Defeat may be victory in disguise;
  The lowest ebb is the turn of the tide. 

Henry Longfellow

Massive credit extension has created a 30-year bull market in nominal asset prices and along with commensurate gains in productivity due to peace, deregulation and the internet; we have long enjoyed the tail winds of prosperity. Add the government’s ongoing sponsorship of the property bubble. No brainer really… Property is the one asset which the average punter can leverage up to 20 times his wealth. Once the nominal price of his house goes up, he feels flush due to the “wealth effector in the case of the US can refinance and he is flush due to real money. He then consumes more, is happier and is a more compliant citizen. A win all round!

2008’s liquidity crisis put the collateral underlying credit into question, especially property credit and loan extension. Central banks stepped into the breech to avert a financial meltdown.

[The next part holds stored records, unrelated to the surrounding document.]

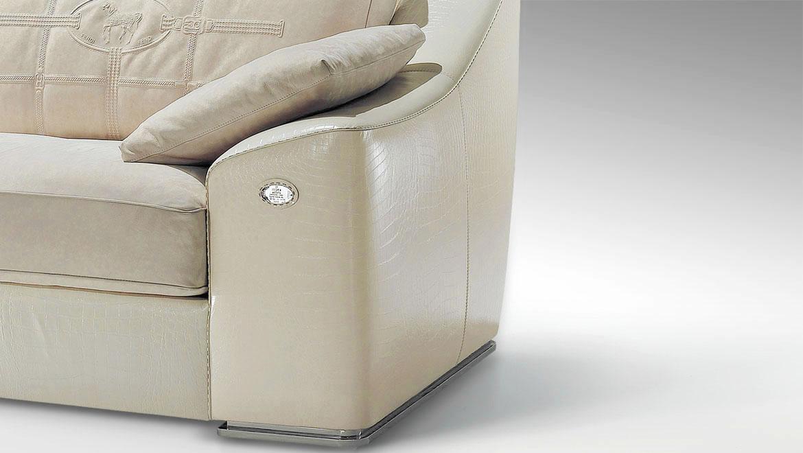 Frontal cover available also in fabric or printed leather (see price for component on the price list). Fabric or leather piping on armrests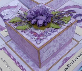 Środek exploding boxa zajmuje kolejne pudełko, zwykłe z pokrywką, na biżuteryjny prezent. Baza boxa ze sklepu Rzeczy z papieru, papiery - GP, dwa kwiaty na wieczku i liście - papier czerpany Namaste oraz wykrojniki m.in. APScraft (liście czereśni, baner M i baner L).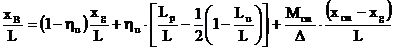 Relatia (6.83) permite aprecierea preliminara a abscisei centrului de carena, in cazul navelor de transport marfuri uscate cu compartimentul de masini in treimea pupa. Marimile xB, xg1, si xcm se introduc cu semnul lor (sunt marimi algebrice), iar xCM se considera fara semn.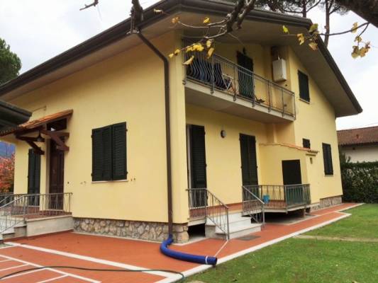 MARINA DI MASSA a circa 1km dal mare ,villa di 180 mq disposta su 3 livelli così suddivisa:p.seminterr.con taverna e grande angolo cottura,sala con camino,stanza lavanderia,cantina e scale che accedono direttamente all'esterno;p.terra con sala,cucina abitabile,bagno,terrazze perimetrali e veranda di 25 mq;p1 2 ampie camere matrimoniali e bagno grande con vasca ;grande giardino\ncon impianto di irrigazione automatico,barbecue in muratura con forno;depandance di 30 mq con bagno,pavimenti e rivestimenti in marmo pregiato,serramenti in legno,finiture eleganti e di alto pregio.Possibilità di avere la villa arredata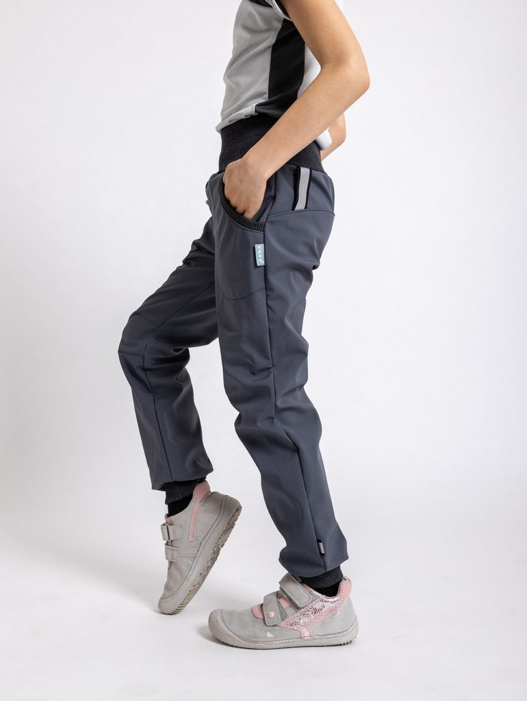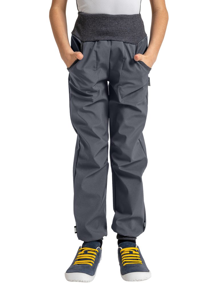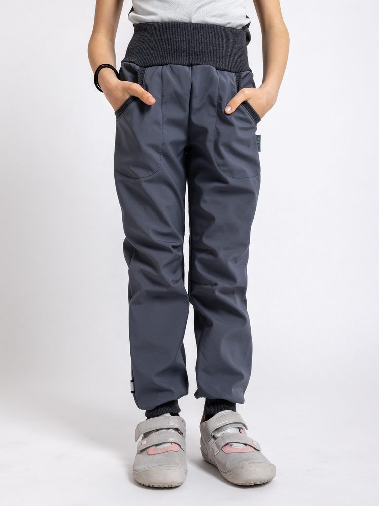 Unuo, Dětské softshellové kalhoty bez zateplení Street, Tm. Šedá

Post 2008, central banks had to make a choice, deflate the credit bubble and risk systemic collapse at all levels of society or collateralise the credit with the full backing of their respective sovereign balance sheets and printing presses. They chose the latter. Again a no brainer, everybody who counts wants inflation. Yes savers, old people and old school realists don’t count.

Where is this new stock of money going?

Well firstly it must go into the rapidly deflating credit balloon to give the appearance of stability hence no collateral or liquidity crisis. Secondly it must go to the real economy, getting consumers to spend and businesses to hire. Fast forward to today and nearly all of the new stock of money is going into financial “assets” creating bull markets in structured credit, equity and bond markets. And by the way, when financial “assets” go up it is not inflation (wink wink) …only when REAL assets go up is it inflation!

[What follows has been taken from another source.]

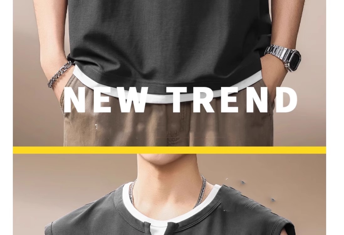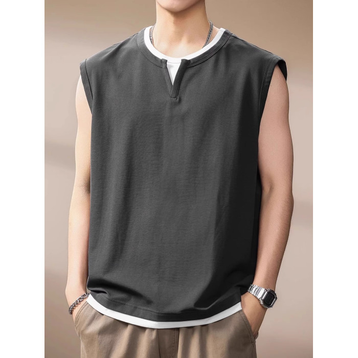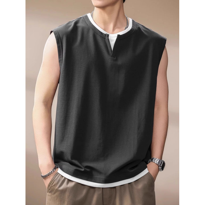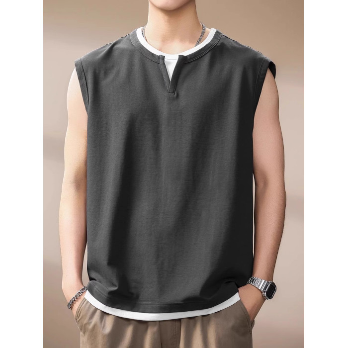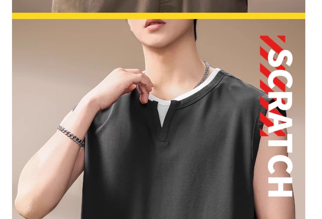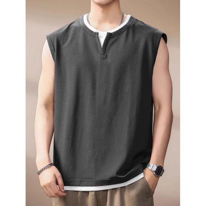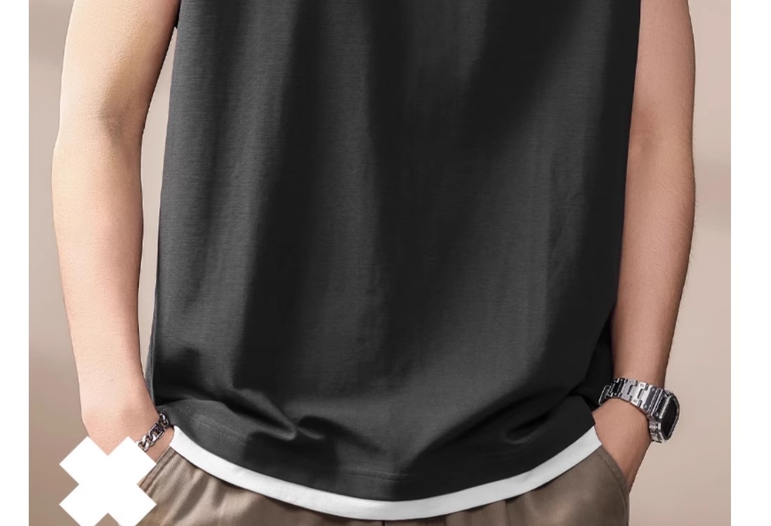 倉石一樹假兩件背心男夏季新款潮牌寬松健身運動無袖T恤休閒上衣

And real assets are staying low for now. Investors are not realising that real wealth cannot be wished into existence as money wealth can.

What does this do for volatility?

Up to now is it suppressing volatility, creating this “slack tide” with the apparent lack of movement as central banks stand in as collateral providers. Bull markets in financial assets further suppress volatility as uncertainty wanes.

  “But who shall dare
To measure loss and gain in this wise?
Defeat may be victory in disguise;
  The lowest ebb is the turn of the tide.“

What seems like a defeat for long volatility funds may well be their victory as they accumulate exposure to extremely cheap volatility.  And whilst becalmed for now, volatility funds are loading up with convexity, ready to monetise the next volatility upswing which, if the last few volatility cycles are any guide, is not too far down the road.